This article is part of HuffPost’s “Reclaim” campaign, an ongoing project spotlighting the world’s waste crisis and how we can begin to solve it.
I’m kind of an impulsive shopper. You might even call me a compulsive shopper. I never met a white Zara blouse I didn’t like.
I’m also an introvert who primarily enjoys the company of New York City streets. This means a Saturday walk in November can easily turn into a $75 binge on bathing suit bottoms at H&M.
I buy something cool and cheap, rip the tags from my bounty and, by the next week, I’ve lost all interested in wearing it. On top of that, I hate returning things. My aversion is rooted in a chronic lack of patience, general interpersonal anxiety and tendency to become lightheaded while waiting in lines.
When you don’t have a ton of money or an excess of square footage to call home, these habits can get out of hand. Within the last year, I realized things for me were way, way out of hand.
Running late to work one day, with my hands two feet deep in new blouses, I was forced to confront the fact that I was draining a modest bank account into an even more modest bedroom closet.
The person I wanted to be has one quality black blazer she wears every day. The person I had become would crawl beneath a sale rack to claim three.
Solving my problem meant confronting a lifetime of neuroses and unproductive coping mechanisms. The first step was to start returning unworn items to the stores where I found them. The next would be to stop over-buying altogether.
I was draining a modest bank account into an even more modest bedroom closet.
Fashion is estimated to be one of the most polluting industries in the world. One facet of this complex problem is the sheer volume of stuff we throw out: About 85 percent of America’s 15.1 million tons of textile waste ended up in landfills in 2013. Secondhand clothes are often sent to cheap markets in the developing world, compromising local vendors’ ability to compete.
According to the International Labor Organization, many of the 170 million child laborers across the globe are employed in garment and textile-making industries ― in part because of massive demand for inexpensive, trendy clothes in the Western world.
Meanwhile, my walls were dripping with cheap scarves and reckless materialism. I was paying a premium for cage-free eggs from chickens treated better than some of the humans who made my clothes. I was dropping off piles of never-worn polyester to Goodwill on the way to the farmers market with reusable bags. It didn’t make sense to me anymore.
But returning things was not a habit I ever developed. It’s certainly not something I ever learned from my parents. My mom grew up poor and my dad grew up cheap, so I inherited an irrepressible drive to acquire as many things as possible for the lowest possible price. Where frugality began, more good sense didn’t always follow. If you took a gamble on a bargain purchase and it didn’t work out, you just cut your losses.
Why spend two hours and $5 on subway fare to return a $10 blouse when you can just buy more hangers?
More importantly, shopping for deals was a bonding activity for my mother, sister and me. Even as an adult confronting my own issues with clutter and overspending, the idea of declining my mother’s invitations to the outlet mall fills me with guilt.
For our family, buying things for people is an act of love. My mother sent me many of the unworn items that remain in my closet, which I imagine her buying and mailing with an excitement I understand all too well. A therapist once told me that my “money issues” with regard to shopping are really my “mommy issues.” I stopped by Urban Outfitters on the way home.
So here’s how I began to break out of the cycle.
I could keep buying clothing under two conditions: I’d leave the tags on an item until I wore it, and I’d keep my receipts. Previously I’d throw away both immediately with post-purchase euphoria. And rather than wear the item immediately, I’d wait until I really wanted to wear it. Often, that moment never came.
A therapist once told me my “money issues” are really my “mommy issues.” I stopped by Urban Outfitters on the way home.

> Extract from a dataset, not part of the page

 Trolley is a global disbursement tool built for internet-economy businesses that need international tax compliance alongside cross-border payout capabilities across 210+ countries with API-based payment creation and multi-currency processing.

I found that when I bought a new item on a whim, I’d get bored with it faster than its return policy would expire. I always had the option to bring it back.
Parting with the item was painless, but something that took 10 minutes to buy often took far, far more time to return. It wasn’t long before I realized the excitement of buying something new wasn’t worth the time and effort involved in returning it.

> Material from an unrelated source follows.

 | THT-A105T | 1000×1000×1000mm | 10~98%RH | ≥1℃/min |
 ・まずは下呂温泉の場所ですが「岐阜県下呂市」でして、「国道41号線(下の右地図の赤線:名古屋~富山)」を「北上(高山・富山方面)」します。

Finally, a closet filled with cheap clothes I barely liked no longer appealed to me. And now that I was keeping better track of the items I bought only to endure an aggressive Zara return line a week later, I just couldn’t be bothered to buy them in the first place.
With that small change, I’m happier and slightly richer. I feel better about myself as a global citizen and as a woman with at least a little self-discipline. Walking past a department store on payday isn’t exactly easy, but paying rent on time and choosing an outfit in under five minutes definitely is.
While I didn’t completely cure myself of the impulse to shop, I put up enough barriers to doing so that I created a clearer path to reducing frivolous consumption. Will I resist buying underwear later this week to postpone doing laundry? Well, I’m only human.